Description of the task => Start to finish, print the entries exactly, and carry none of the pictures over.

Records to process =>
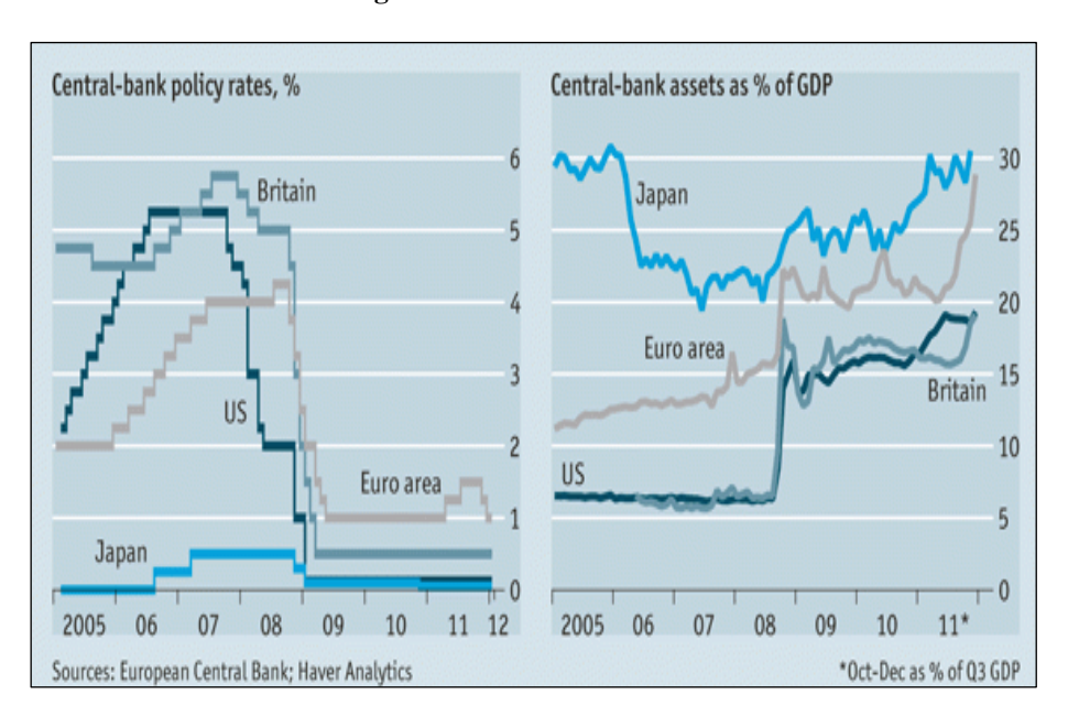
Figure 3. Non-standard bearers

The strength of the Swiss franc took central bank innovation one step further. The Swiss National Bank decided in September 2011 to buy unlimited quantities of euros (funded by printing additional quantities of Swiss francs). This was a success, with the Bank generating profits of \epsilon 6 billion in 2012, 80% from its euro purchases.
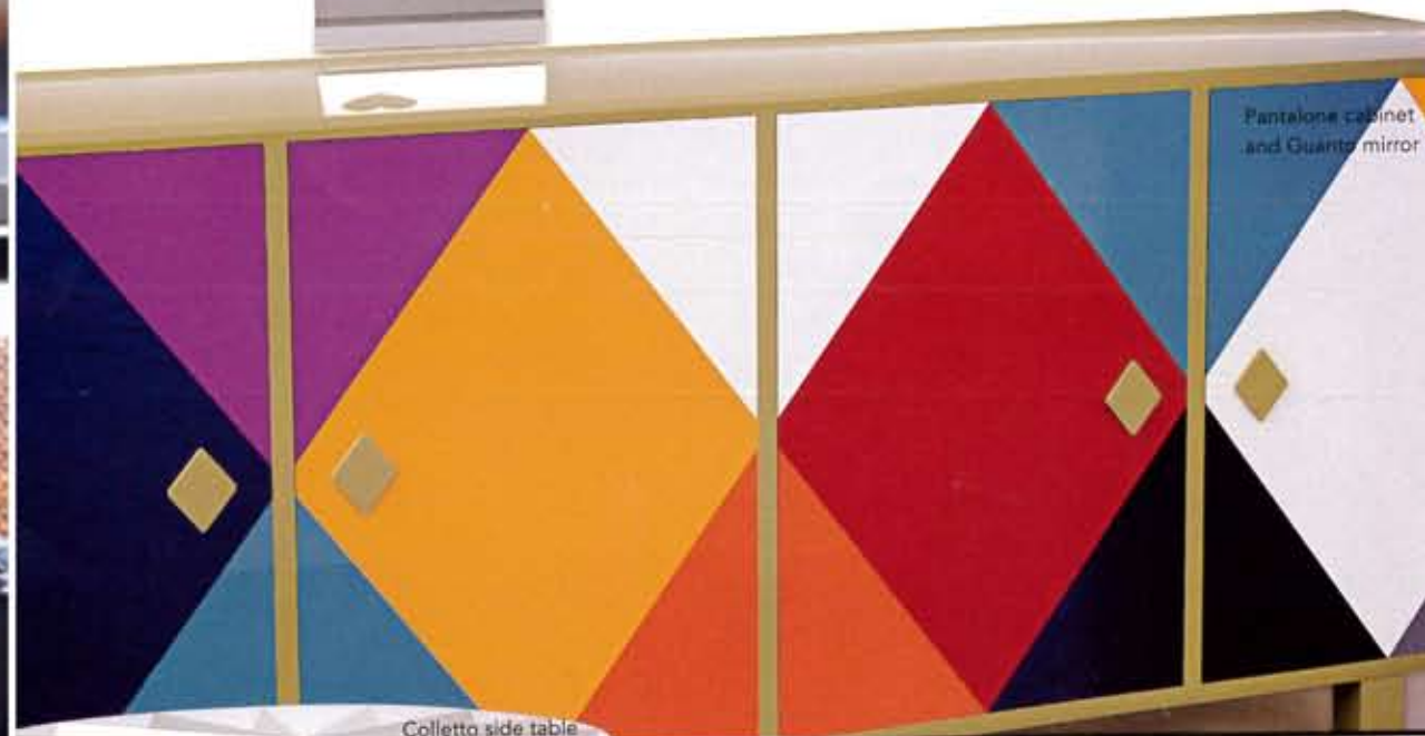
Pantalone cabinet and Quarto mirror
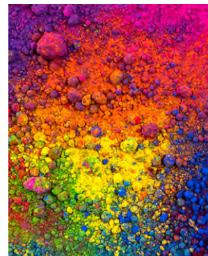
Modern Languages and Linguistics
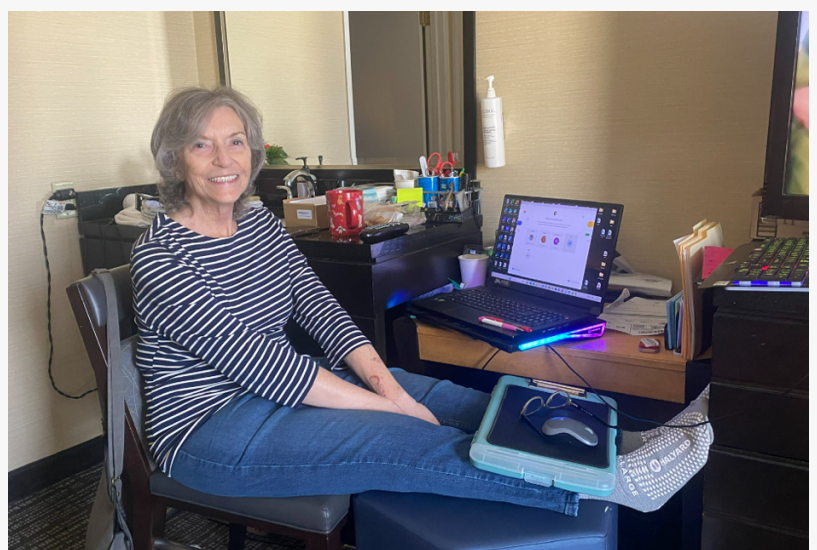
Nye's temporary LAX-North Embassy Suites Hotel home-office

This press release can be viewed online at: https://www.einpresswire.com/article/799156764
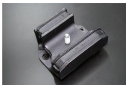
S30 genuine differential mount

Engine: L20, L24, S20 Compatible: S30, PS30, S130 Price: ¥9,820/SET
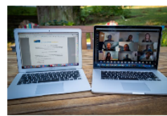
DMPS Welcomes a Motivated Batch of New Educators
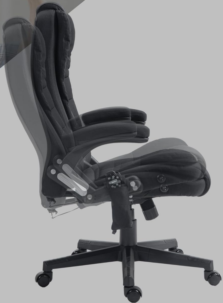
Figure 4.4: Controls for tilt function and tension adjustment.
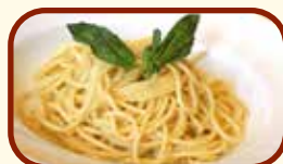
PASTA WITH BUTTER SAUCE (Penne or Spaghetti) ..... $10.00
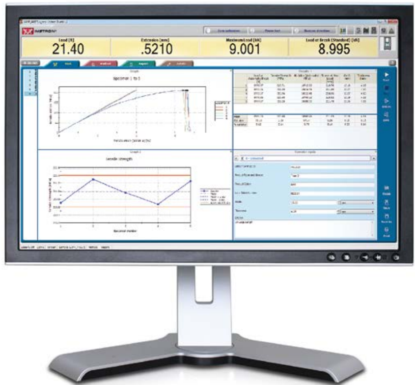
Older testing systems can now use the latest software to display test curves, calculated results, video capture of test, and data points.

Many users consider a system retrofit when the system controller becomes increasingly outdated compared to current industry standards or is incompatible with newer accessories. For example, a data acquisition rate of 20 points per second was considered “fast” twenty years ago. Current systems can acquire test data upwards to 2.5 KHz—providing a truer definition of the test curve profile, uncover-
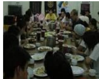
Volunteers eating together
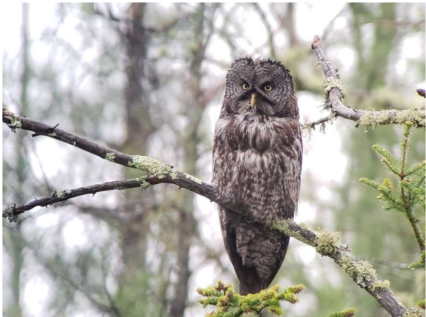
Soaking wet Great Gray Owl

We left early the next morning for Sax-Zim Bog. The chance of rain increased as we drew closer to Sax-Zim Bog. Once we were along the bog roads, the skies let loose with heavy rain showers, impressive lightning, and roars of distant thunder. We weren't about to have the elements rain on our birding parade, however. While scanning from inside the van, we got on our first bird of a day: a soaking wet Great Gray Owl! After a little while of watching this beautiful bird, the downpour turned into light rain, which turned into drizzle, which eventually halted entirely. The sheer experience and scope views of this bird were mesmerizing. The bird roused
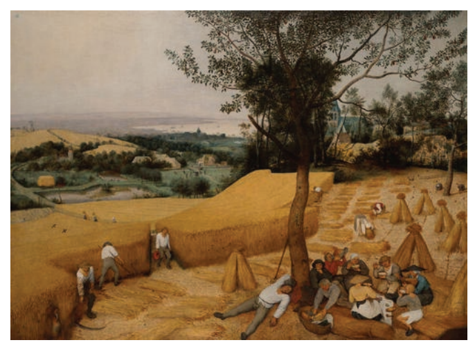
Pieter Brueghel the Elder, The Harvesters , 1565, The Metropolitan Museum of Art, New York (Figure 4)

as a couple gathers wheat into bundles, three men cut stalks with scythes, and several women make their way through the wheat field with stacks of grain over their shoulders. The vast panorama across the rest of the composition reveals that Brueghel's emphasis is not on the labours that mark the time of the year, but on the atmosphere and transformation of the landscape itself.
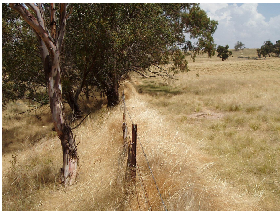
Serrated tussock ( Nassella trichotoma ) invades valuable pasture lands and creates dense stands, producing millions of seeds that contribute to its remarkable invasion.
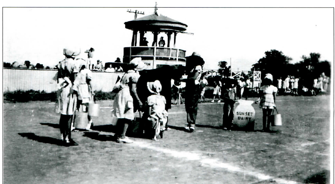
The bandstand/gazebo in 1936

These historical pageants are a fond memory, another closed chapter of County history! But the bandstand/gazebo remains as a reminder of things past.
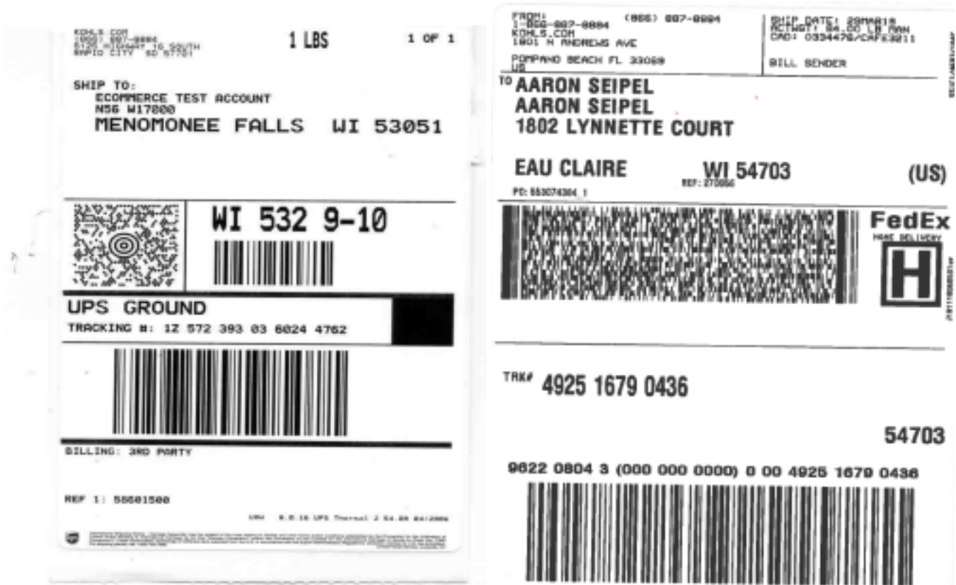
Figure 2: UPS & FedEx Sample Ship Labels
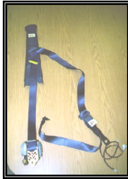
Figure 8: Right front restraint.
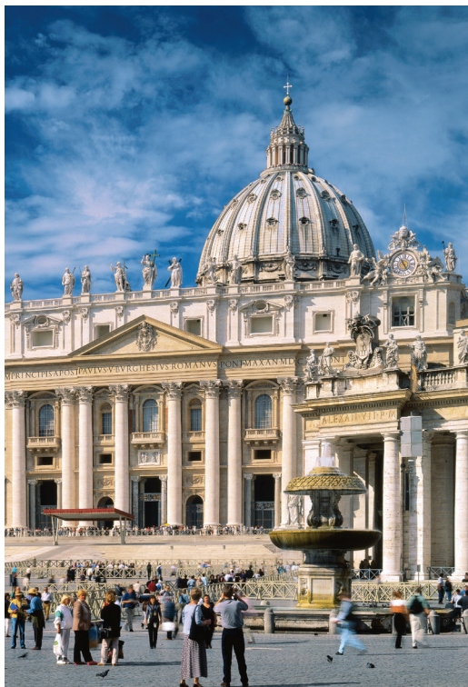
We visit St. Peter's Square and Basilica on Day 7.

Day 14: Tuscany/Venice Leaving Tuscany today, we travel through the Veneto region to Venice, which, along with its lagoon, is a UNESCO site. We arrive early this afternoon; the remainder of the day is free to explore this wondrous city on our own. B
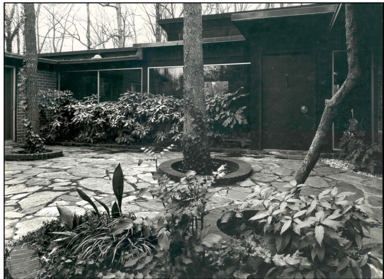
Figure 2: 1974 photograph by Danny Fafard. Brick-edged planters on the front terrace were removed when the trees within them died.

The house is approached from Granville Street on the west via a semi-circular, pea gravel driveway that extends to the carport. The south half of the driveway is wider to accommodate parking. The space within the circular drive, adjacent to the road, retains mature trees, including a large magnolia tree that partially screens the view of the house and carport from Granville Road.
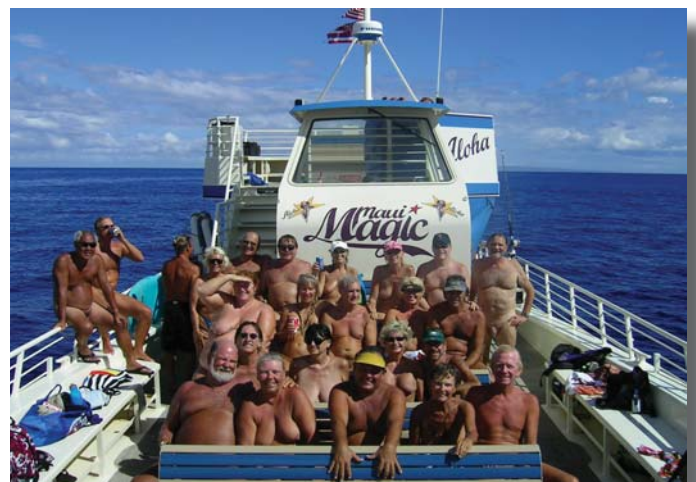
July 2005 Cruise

Written answer =>
Figure 3. Non-standard bearers

The strength of the Swiss franc took central bank innovation one step further. The Swiss National Bank decided in September 2011 to buy unlimited quantities of euros (funded by printing additional quantities of Swiss francs). This was a success, with the Bank generating profits of \epsilon 6 billion in 2012, 80% from its euro purchases.
Pantalone cabinet and Quarto mirror
Modern Languages and Linguistics
Nye's temporary LAX-North Embassy Suites Hotel home-office

This press release can be viewed online at: https://www.einpresswire.com/article/799156764
S30 genuine differential mount

Engine: L20, L24, S20 Compatible: S30, PS30, S130 Price: ¥9,820/SET
DMPS Welcomes a Motivated Batch of New Educators
Figure 4.4: Controls for tilt function and tension adjustment.
PASTA WITH BUTTER SAUCE (Penne or Spaghetti) ..... $10.00
Older testing systems can now use the latest software to display test curves, calculated results, video capture of test, and data points.

Many users consider a system retrofit when the system controller becomes increasingly outdated compared to current industry standards or is incompatible with newer accessories. For example, a data acquisition rate of 20 points per second was considered “fast” twenty years ago. Current systems can acquire test data upwards to 2.5 KHz—providing a truer definition of the test curve profile, uncover-
Volunteers eating together
Soaking wet Great Gray Owl

We left early the next morning for Sax-Zim Bog. The chance of rain increased as we drew closer to Sax-Zim Bog. Once we were along the bog roads, the skies let loose with heavy rain showers, impressive lightning, and roars of distant thunder. We weren't about to have the elements rain on our birding parade, however. While scanning from inside the van, we got on our first bird of a day: a soaking wet Great Gray Owl! After a little while of watching this beautiful bird, the downpour turned into light rain, which turned into drizzle, which eventually halted entirely. The sheer experience and scope views of this bird were mesmerizing. The bird roused
Pieter Brueghel the Elder, The Harvesters , 1565, The Metropolitan Museum of Art, New York (Figure 4)

as a couple gathers wheat into bundles, three men cut stalks with scythes, and several women make their way through the wheat field with stacks of grain over their shoulders. The vast panorama across the rest of the composition reveals that Brueghel's emphasis is not on the labours that mark the time of the year, but on the atmosphere and transformation of the landscape itself.
Serrated tussock ( Nassella trichotoma ) invades valuable pasture lands and creates dense stands, producing millions of seeds that contribute to its remarkable invasion.
The bandstand/gazebo in 1936

These historical pageants are a fond memory, another closed chapter of County history! But the bandstand/gazebo remains as a reminder of things past.
Figure 2: UPS & FedEx Sample Ship Labels
Figure 8: Right front restraint.
We visit St. Peter's Square and Basilica on Day 7.

Day 14: Tuscany/Venice Leaving Tuscany today, we travel through the Veneto region to Venice, which, along with its lagoon, is a UNESCO site. We arrive early this afternoon; the remainder of the day is free to explore this wondrous city on our own. B
Figure 2: 1974 photograph by Danny Fafard. Brick-edged planters on the front terrace were removed when the trees within them died.

The house is approached from Granville Street on the west via a semi-circular, pea gravel driveway that extends to the carport. The south half of the driveway is wider to accommodate parking. The space within the circular drive, adjacent to the road, retains mature trees, including a large magnolia tree that partially screens the view of the house and carport from Granville Road.
July 2005 Cruise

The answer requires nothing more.